As the new decade gets underway, the youngest of the young adults – Generation Z – is entering the housing market with a significantly more positive outlook on homeownership than their Millennial or Generation X cohorts.
According to a recent survey by Freddie Mac, 86% of Americans born between 1997 and 2007 say they want to own a home someday – and estimate they will achieve that goal by the age of 30. Conducted in the summer of 2019, the survey received 1,531 responses from Americans now aged 14 to 23.
An overwhelming majority of Generation Z believes owning a home is a sign of success – a source of pride and financial security. Only 19 percent of respondents saw renting as more appealing than buying, compared with 30 percent of Millennials surveyed at the same age.

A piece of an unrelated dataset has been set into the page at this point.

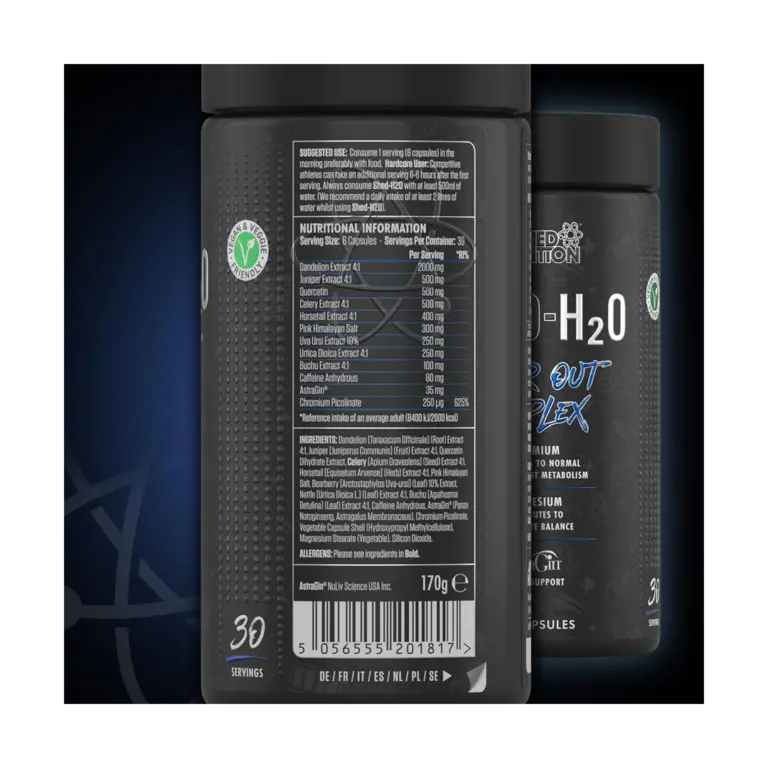 Applied Nutrition Shed-H2O est un outil puissant pour tous ceux qui recherchent un niveau supplémentaire de sécheresse et de définition musculaire avant un événement ou une compétition majeur. Il soutient vos efforts pour éliminer l'excès d'eau de votre corps, vous donnant une apparence plus ferme et plus mince.

While the last decade has been remarkable period of sustained economic growth and prosperity, Generation Z is not too young to remember the Great Recession, when many of their own parents and grandparents faced foreclosures, short sales, and other housing difficulties.
Generation Z reflects the times in which they have lived. In general, they are more financially educated and aware than previous generations, and they appear to have a clear understanding of the benefits and challenges of home ownership.
While they aspire to homeownership, they are realistic about potential barriers, battling an unprecedented amount of student loan debt, tougher lending standards, higher home prices and limited inventory, particularly in lower price points.
Gen Zers told Freddie Mac that saving for a down payment is the biggest barrier to achieving homeownership. A comeback in starter homes would create a better chance at homeownership.
That could be on the horizon. Economists at Capital Economics anticipate a rise in new homes sold for under $300,000, from under 50% currently to about 55% by the end of 2020.